We will use the dataset from the previous unit:

# Libraries
library("readxl")
library("tidyverse")

# Load data from working directory
cl.order <- read_xlsx("../datasets/Paquot_Larsson_2020_data.xlsx")

Measures of central tendency

From here on out, we assume \(X\) is a continuous random variable with observations \(\{x_1, x_2, ..., x_n\}\) and sample size \(n\). Measures of central tendency offer convenient one-value-summaries of the distribution of \(X\).

The sample mean

The sample mean \(\bar{x}\) is defined as

\[ \bar{x} = \frac{x_1 + x_2 + ... + x_n}{n} \\ = \frac{1}{n}\sum_{i=1}^n{x_i}. \tag{1}\]

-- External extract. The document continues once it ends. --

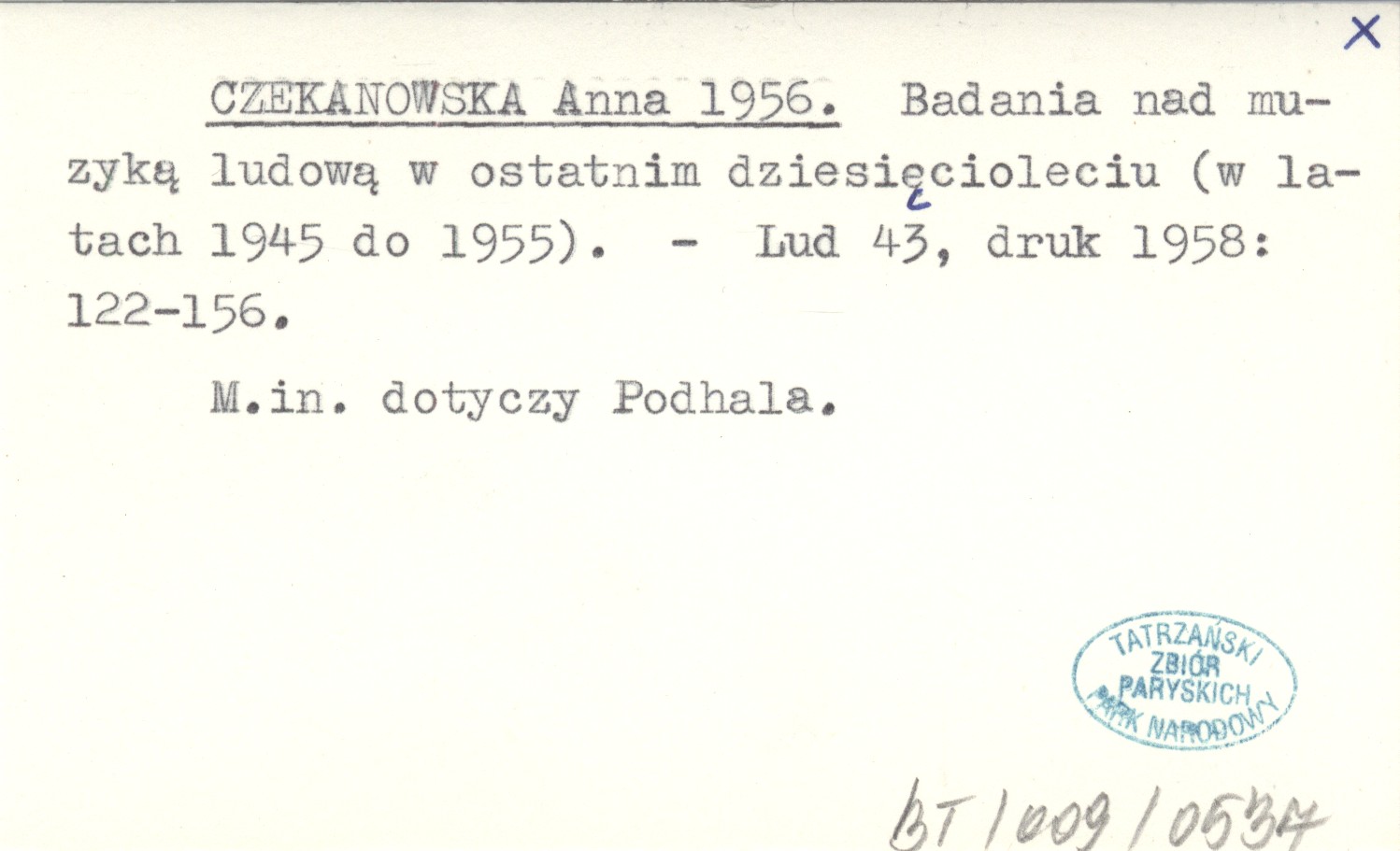 CZEKANOWSKA Anna 1956 Badania nad muzyką ludową w ostatnim dziesięcioleciu (w latach 1945 do 1955).
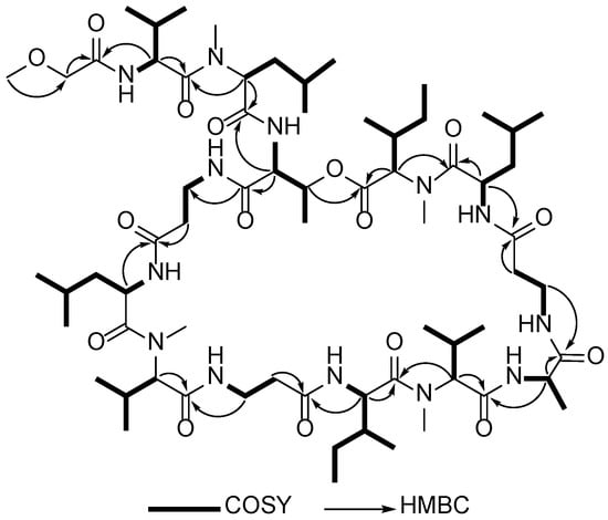 To overcome the difficulty posed by these broad and overlapped NMR signals, we performed tandem mass (MS2) and MS/MS/MS (MS3) analyses of fragment ions of seco-acid methyl esters (1a–5a) (Figure 2). The seco-acid methyl esters (1a–5a) were generated by the treatment of the cyclic depsipeptides (1–5) with 7 M ammonia in methanol solution to facilitate ring-opening methyl esterification of the macrolactones. Fragment ions generated from these peptides can be referred to as the b and y series for the N-terminal and the C-terminal fragments, respectively [27,28]. The fragmentation profiles of these linear peptides (1a–3a) were analyzed in comparison with the seco-acid methyl esters (4a and 5a) derived from known compounds (4 and 5). The amino acid sequence could be determined, except for amino acid residues with the same molecular weights, such as Ile and Leu. The amino acid residues unidentified by MS were assigned based on NMR data and thus the sequences of new compounds 1–3 were determined.

In R, we can obtain the average value of a numeric vector with the mean() function. Let’s do that for the length of main clauses found in the cl.order data:

mean(cl.order$LEN_MC)
[1] 9.265509

The output returned by this function provides a one-value summary of all observations contained in LEN_MC. Because the the mean \(\bar{x}\) takes into account all data points, it is prone to the influence of outliers, i.e., extreme values.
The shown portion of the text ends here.